Restaurant Magnus makes room for giant, clam-having oyster bar
Photo by Ivan Walsh via Flickr
Rarrr!
Since sifting through dull newspapers, hyperbolic blogs, and overflowing RSS feeds for meaningful news can be an arduous process, News Net catches and compiles both the amusing and the significant reports that were overlooked over the workweek. Here are some things to think about as the weekend begins.
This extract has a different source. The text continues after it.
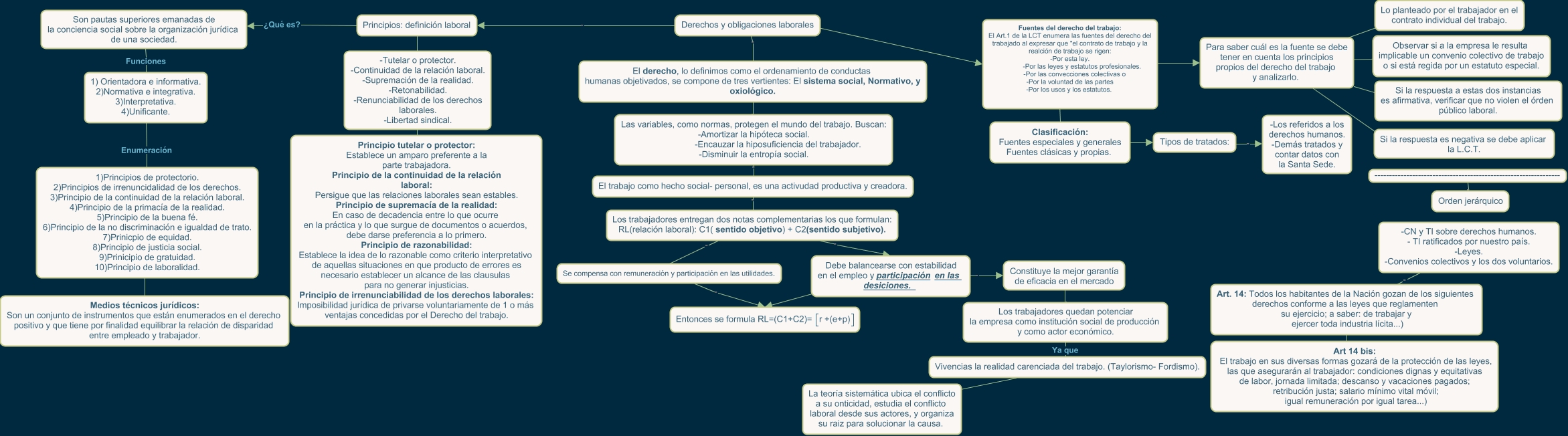 Este Cmap, tiene información relacionada con: mapa, Los trabajadores quedan potenciar la empresa como institución social de producción y como actor económico. Ya que ????, Vivencias la realidad carenciada del trabajo. (Taylorismo- Fordismo). . La teoría sistemática ubica el conflicto a su onticidad, estudia el conflicto laboral desde sus actores, y organiza su raiz para solucionar la causa., Art. 14: Todos los habitantes de la Nación gozan de los siguientes derechos conforme a las leyes que reglamenten su ejercicio; a saber: de trabajar y ejercer toda industria lícita...) ???? Art 14 bis: El trabajo en sus diversas formas gozará de la protección de las leyes, las que asegurarán al trabajador: condiciones dignas y equitativas de labor, jornada limitada; descanso y vacaciones pagados; retribución justa; salario mínimo vital móvil; igual remuneración por igual tarea...), Los trabajadores entregan dos notas complementarias los que formulan: RL(relación laboral): C1( sentido objetivo) + C2(sentido subjetivo). . Se compensa con remuneración y participación en las utilidades., -CN y TI sobre derechos humanos. - TI ratificados por nuestro país. -Leyes. -Convenios colectivos y los dos voluntarios. . Art. 14: Todos los habitantes de la Nación gozan de los siguientes derechos conforme a las leyes que reglamenten su ejercicio; a saber: de trabajar y ejercer toda industria lícita...), ---------------------------------------------------------------- . Orden jerárquico, Para saber cuál es la fuente se debe tener en cuenta los principios propios del derecho del trabajo y analizarlo. ???? Si la respuesta es negativa se debe aplicar la L.C.T., -Tutelar o protector. -Continuidad de la relación laboral. -Supremación de la realidad. -Retonabilidad. -Renunciabilidad de los derechos laborales. -Libertad sindical. ???? Principio tutelar o protector: Establece un amparo preferente a la parte trabajadora. Principio de la continuidad de la relación laboral: Persigue que las relaciones laborales sean estables. Principio de supremacía de la realidad: En caso de decadencia entre lo que ocurre en la práctica y lo que surgue de documentos o acuerdos, debe darse preferencia a lo primero. Principio de razonabilidad: Establece la idea de lo razonable como criterio interpretativo de aquellas situaciones en que producto de errores es necesario establecer un alcance de las clausulas para no generar injusticias. Principio de irrenunciabilidad de los derechos laborales: Imposibilidad jurídica de privarse voluntariamente de 1 o más ventajas concedidas por el Derecho del trabajo., Derechos y obligaciones laborales . Fuentes del derecho del trabajo: El Art.1 de la LCT enumera las fuentes del derecho del trabajado al expresar que "el contrato de trabajo y la realción de trabajo se rigen: -Por esta ley. -Por las leyes y estatutos profesionales. -Por las convecciones colectivas o -Por la voluntad de las partes -Por los usos y los estatutos., Son pautas superiores emanadas de la conciencia social sobre la organización jurídica de una sociedad. Funciones 1) Orientadora e informativa. 2)Normativa e integrativa. 3)Interpretativa. 4)Unificante., Clasificación: Fuentes especiales y generales Fuentes clásicas y propias. . Tipos de tratados:, Para saber cuál es la fuente se debe tener en cuenta los principios propios del derecho del trabajo y analizarlo. ???? Lo planteado por el trabajador en el contrato individual del trabajo., Las variables, como normas, protegen el mundo del trabajo. Buscan: -Amortizar la hipóteca social. -Encauzar la hiposuficiencia del trabajador. -Disminuir la entropía social. . El trabajo como hecho social- personal, es una activudad productiva y creadora., Para saber cuál es la fuente se debe tener en cuenta los principios propios del derecho del trabajo y analizarlo. ???? Observar si a la empresa le resulta implicable un convenio colectivo de trabajo o si está regida por un estatuto especial., 1)Principios de protectorio. 2)Principios de irrenuncidalidad de los derechos. 3)Principio de la continuidad de la relación laboral. 4)Principio de la primacía de la realidad. 5)Principio de la buena fé. 6)Principio de la no discriminación e igualdad de trato. 7)Prinicpio de equidad. 8)Principio de justicia social. 9)Prinicipio de gratuidad. 10)Principio de laboralidad. ???? Medios técnicos jurídicos: Son un conjunto de instrumentos que están enumerados en el derecho positivo y que tiene por finalidad equilibrar la relación de disparidad entre empleado y trabajador., 1) Orientadora e informativa. 2)Normativa e integrativa. 3)Interpretativa. 4)Unificante. Enumeración 1)Principios de protectorio. 2)Principios de irrenuncidalidad de los derechos. 3)Principio de la continuidad de la relación laboral. 4)Principio de la primacía de la realidad. 5)Principio de la buena fé. 6)Principio de la no discriminación e igualdad de trato. 7)Prinicpio de equidad. 8)Principio de justicia social. 9)Prinicipio de gratuidad. 10)Principio de laboralidad., Constituye la mejor garantía de eficacia en el mercado . Los trabajadores quedan potenciar la empresa como institución social de producción y como actor económico., Derechos y obligaciones laborales . El derecho, lo definimos como el ordenamiento de conductas humanas objetivados, se compone de tres vertientes: El sistema social, Normativo, y oxiológico., Se compensa con remuneración y participación en las utilidades. . <math xmlns="http://www.w3.org/1998/Math/MathML"> <mrow> <mtext> Entonces se formula RL=(C1+C2)= </mtext> <mfenced open="[" close="]"> <mtext> r +(e+p) </mtext> </mfenced> </mrow> </math>, Los trabajadores entregan dos notas complementarias los que formulan: RL(relación laboral): C1( sentido objetivo) + C2(sentido subjetivo). . Debe balancearse con estabilidad en el empleo y participación en las desiciones.

• If the closure of Restaurant Magnus left a giant clam-shaped hole in your heart, fret not—Madison restaurateur Henry Doane hopes to fulfill to your oddly specific longing. He’s planning to remodel the old Magnus location to open the Tempest Oyster Bar, a seafood emporium with flourishes like a giant clam shell that will house a party booth, and a 37-foot shucked raw shellfish “shotgun bar” where patrons can go all Roger Sterling and eat entirely too many raw oysters before that big business meeting. Doane hopes for an April opening date, assuming he can quickly decide whether the waitstaff will be forced to dress up as pirates or servants of Poseidon.
• After tasting Super Bowl victory, plenty of Badger football fans are left sadly pining for a universe where both the Badgers and the Packers emerged from their 2010 season as champions. If only the score could be settled with those damn frogs. Apparently Badger coach Bret Bielema feels a similar lust for revenge, as he jumped at the chance to line up a rematch with TCU as the Badger’s season opener. Sadly, TCU Athletic Director Chris Del Conte wasn’t so enthusiastic, passing on the idea primarily because it would be a one-time Badger home game, meaning money and attention for the Badgers that TCU wouldn’t get in return. It’s also probably because all horned bullfrogs are yellow.
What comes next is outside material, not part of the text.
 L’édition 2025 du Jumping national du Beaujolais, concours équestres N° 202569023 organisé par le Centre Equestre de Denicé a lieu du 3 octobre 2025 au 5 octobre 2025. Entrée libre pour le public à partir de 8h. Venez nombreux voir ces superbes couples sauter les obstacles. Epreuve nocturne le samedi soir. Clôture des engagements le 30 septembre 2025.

• Plenty of seventh-graders become big boobie supporters at their age due to confounding hormones. But the Sauk Prairie School District has taken issue with their latest expression of that interest—the “I Heart Boobies” bracelets associated with the “Keep A Breast” breast cancer awareness campaign. Administrators banned the bracelets last month, claiming that some middle school students don’t have the maturity to wear them without the bracelets becoming a distraction. As preposterous as the idea is that middle schoolers would laugh at the word “boobies” may be, the school district might want to tread lightly. After one student was told she could no longer wear the bracelet in support of family members with cancer, her family told on the administrators—to the ACLU.
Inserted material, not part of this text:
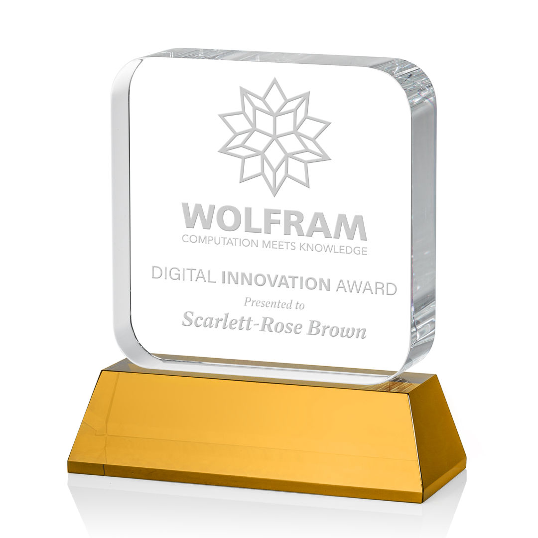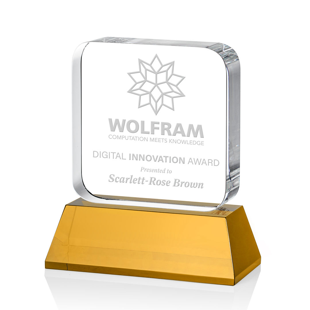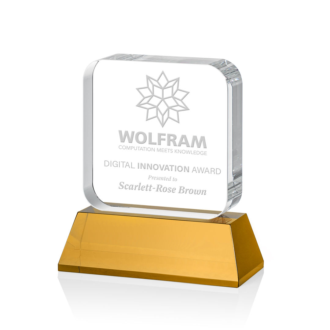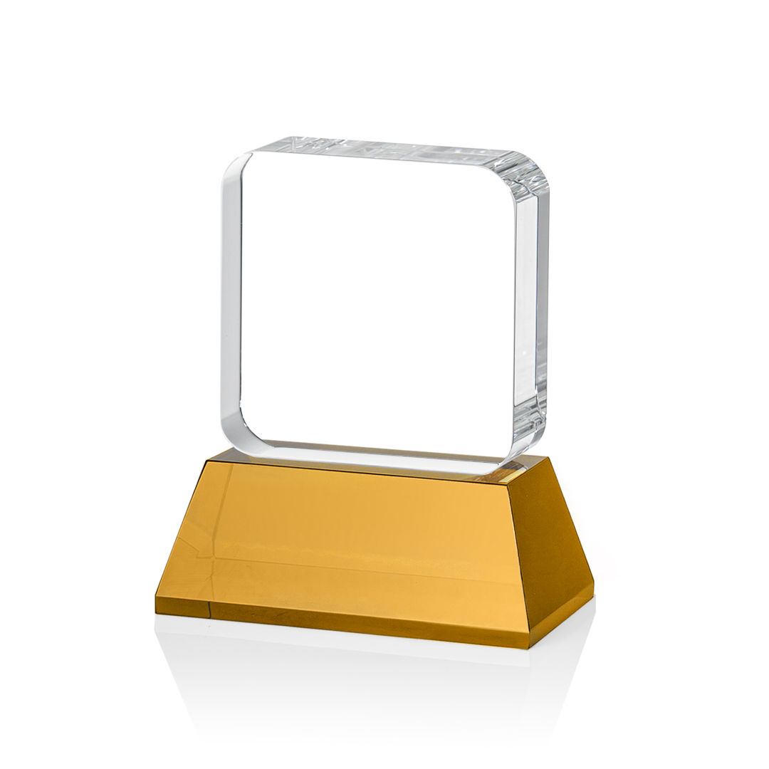 The Flamborough Award on base features a thick optical crystal block with rounded edges that sits atop a magnificent optical crystal amber base. Great for recognizing achievement and innovation in the tech and app world, or any corporate recognition program. Second position etch and colorfill optional. 4.0″ W x 4.5″ H x 2.0″ D

• Speaking of precocious young scamps engaging in civic discourse, a class of fourth-graders from Mukwonago has been lobbying for cream puffs to become Wisconsin’s official dessert. The students have already collected 275 signatures and started an online campaign supporting the measure, and they’ve enlisted state Sen. Mary Lazich (R-New Berlin) to introduce the proposal to the legislature. For the kids, it’s all a great lesson in the economics of local business and how government works, but do we really want to give Conan O’Brien more ammo to call out Wisconsin’s enthusiasm towards dairy-based excess? We should be teaching these kids PR techniques about how to deal with an image problem by making our state dessert an apple or something.
• Clay Matthews has gone from tackle machine to public appearance machine, with his most baffling walk-on yet planned for the Grammys this weekend.
• Unofficial Madison band Screeching Weasel has released a new single, “Beginningless Vacation,” off the band’s upcoming album, First World Manifesto, which will be its first in more than 10 years.